Implementing data to help drive clinical trial processes
It’s important for users to first determine what’s important to them to measure. If there is a specific process or step that is of interest to ensure a goal is met, then it should definitely be measured. After the goal is identified it must be defined. For example, what measurable items go into knowing whether a goal has been met? If it’s a turnaround time, what is the start time and stop time? How is it measured (hours, business days, calendar days, weeks, months)? And if it is a quantity, at what point is the count increased? For example, for accrual, is a person accrued if they are consented or when they have met eligibility or when they go on treatment?
You can’t quantitate metrics if you are not collecting the data—however, you don’t need a fancy system to collect data (although sometimes it helps quite a bit). The key is to identify a systematic and consistent process to collect and store that data.

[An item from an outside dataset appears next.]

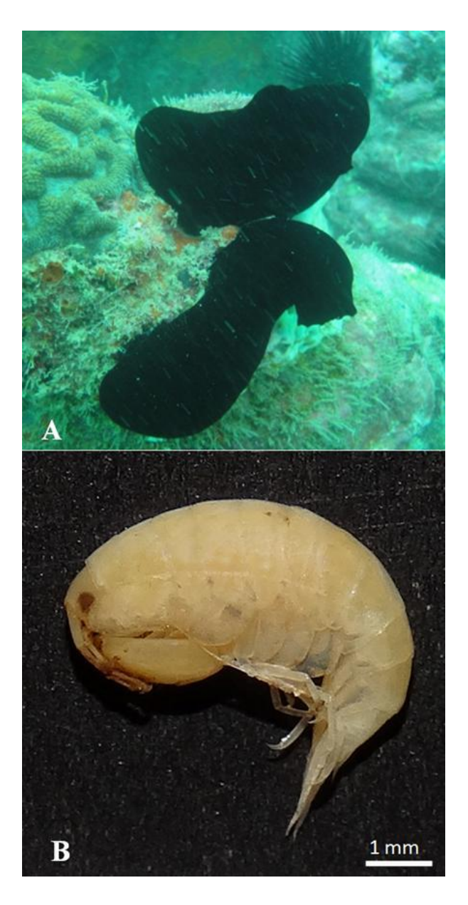
Figure 1. A. Phallusia nigra. B. Adult male of Leucothoe wuriti.

Ascidians (fig.1A) were caught manually on the wharf columns, at depths between 3.0 and 5.0 m, at Itaguá beach, Ubatuba municipality, in the northeastern coast of São Paulo State (23°27'07.S 45°02'49.W) (fig. 2), during daylight snorkeling sessions, in March, 2013.

Finally, communication is paramount. If you collect data and quantitate metrics, it does absolutely no good if the information is not communicated out and acted upon. How are you going to use that data to assess and better processes? Make sure that the data is used for strategic decision making. This ensures that there’s real value in the time and effort needed to collect the data—and the overall clinical trial process is improved and streamlined.
Final thoughts
When speaking about digital advancements, we in the clinical trials space so often view “technology” as a singular umbrella term, when the reality is far more complex and far more exciting. With each breakthrough, we get a little smarter, a little faster and a little more agile. With each new metric, we find a new piece of a critical research puzzle, allowing us to learn more about the complex diseases we treat and consequently address significant unmet patient needs. Admittedly, we may not have all the answers; however, equipped with improved operational decision-making, holistic patient monitoring and a strengthened site / sponsor relationship, I’m confident we’ll at least know where to find it.